Name: org/apache/commons/httpclient
I added a / at the end and then I signed and re-deployed the application.
我在最后添加了一个/,然后我签署并重新部署了应用程序。
Name: org/apache/commons/httpclient/
This time the web start application started without any issues. In both cases the jar was signed with java 8u141, the jarsigner could verify the jar, but the webstart did not start in the first case. In my opinion this is a webstart bug.
这一次,web start应用程序开始时没有任何问题。在这两种情况下,jar都与java 8u141签署,jarsigner可以验证jar,但是webstart在第一个案例中没有启动。在我看来,这是一个webstart错误。
#2
1
I had the same problem with Java Webstart Application for java 8u141. It contains commons-httpclient-3.1.jar too. The problem exactly in this jar.
Java 8u141的Java Webstart应用程序也遇到了同样的问题。它包含commons - httpclient 3.1。jar。问题就在这个罐子里。
It looks like the algorithm of verification was changed. Now all manifest entries should have digest. I found out that this original jar has already contained one manifest entry org/apache/commons/httpclient without digest:
看起来验证的算法发生了变化。现在所有的清单条目都应该有摘要。我发现原来的jar已经包含了一个清单条目:org/apache/commons/httpclient,不需要摘要:
Name: org/apache/commons/httpclient
Implementation-Title: org.apache.commons.httpclient
Implementation-Version: 3.1
X-Compile-Target-JDK: 1.2
Specification-Vendor: Apache Software Foundation
Specification-Title: Jakarta Commons HttpClient
Implementation-Vendor-Id: org.apache
Extension-name: org.apache.commons.httpclient
X-Compile-Source-JDK: 1.2
Specification-Version: 3.1
Implementation-Vendor: Apache Software Foundation
I fixed problem by changing ant jar task settings. I added to exclude .MF files for 'zipfileset' (possible .SF, .RSA, .DSA files too). Also it can be required to change attribute 'filesetmanifest' = merge.

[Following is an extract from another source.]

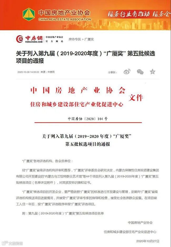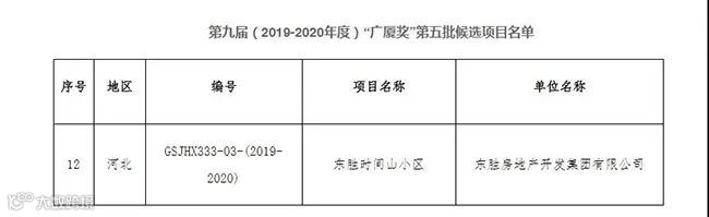2020年10月27日,中国房地产业第九届(2019-2020)“广厦奖”第五批候选项目入围名单发布,石家庄市唯一入选项目为棉五社区改造项目东胜·时间山,“东胜出品”在高质量发展的道路上步履不停,稳健前行。

我通过改变ant jar任务设置来解决问题。我添加了“zipfileset”(可能的。sf, . rsa, . dsa文件)的。mf文件。还可以要求更改属性“filesetmanifest”= merge。
It prevents appearing that manifest entry in final signed jar.
它防止出现在最终签名的jar中的清单条目。
#3
0
There was a change affecting code signing: SHA-1 certificates were disabled. This is mentioned in the release notes you linked to. In particular they mention:
有一个变化影响代码签名:SHA-1证书被禁用。这在您链接到的发行说明中提到。特别是他们提到:
A new constraint named
usage, that when set, restricts the algorithm if it is used in a certificate chain for the specified use(s). Three usages are initially supported:TLSServerfor TLS/SSL server certificate chains,TLSClientfor TLS/SSL client certificate chains, andSignedJARfor certificate chains used with signed JARs.一个名为usage的新约束,当设置时,如果在证书链中使用指定的使用(s),则会限制该算法。最初支持三种用法:TLS/SSL服务器证书链的TLSServer, TLS/SSL客户端证书链的TLSClient,以及与签名jar一起使用的证书链的SignedJAR。
(emphasis mine). Note also that the release notes discuss the entire certificate chain. So even if your signing cert uses a newer/stronger hash algorithm (SHA2 etc.), it could still be rejected if the issuing authority's certificate used SHA1.
(强调我的)。还要注意,发行说明讨论了整个证书链。因此,即使您的签名证书使用了一个新的/更强的哈希算法(SHA2等),如果颁发机构的证书使用SHA1,它仍然会被拒绝。
More details at:
更多的细节:
https://bugs.openjdk.java.net/browse/JDK-8176536
https://bugs.openjdk.java.net/browse/jdk - 8176536
http://openjdk.java.net/jeps/288
http://openjdk.java.net/jeps/288
#4
0
I had the very same problem. My solution was to remove all directory entries in the jar (as they are useless normally) either by modifying the build scripts (ant:jar filesOnly="true") or with small groovy script to repack the jar without the dir entries.
我遇到了同样的问题。我的解决方案是,通过修改构建脚本(ant:jar filesOnly=“true”)或者使用小的groovy脚本,在没有dir条目的情况下重新打包jar,从而删除jar中的所有目录条目(因为它们通常是无用的)。
This is definitely a JWS bug - I'm wondering how this went unnoticed by Oracle and if they will deliver a fast fix for this...
这绝对是一个JWS的bug -我想知道这是如何被Oracle发现的,如果他们能快速解决这个问题……
#5
0
I had problems for commons-httpclient-3.1.jar, axis-1.4.jar, xml-resolver-1.2.jar, oro-2.0.8.jar. Open the MANIFEST.MF add "/" in the end for name. re-build and sign the project and now it works
我对common -httpclient-3.1有问题。jar,轴- 1.4。jar,xml解析器- 1.2。oro-2.0.8.jar jar。打开清单。在结尾加上“/”。重新构建并签署这个项目,现在它开始工作了。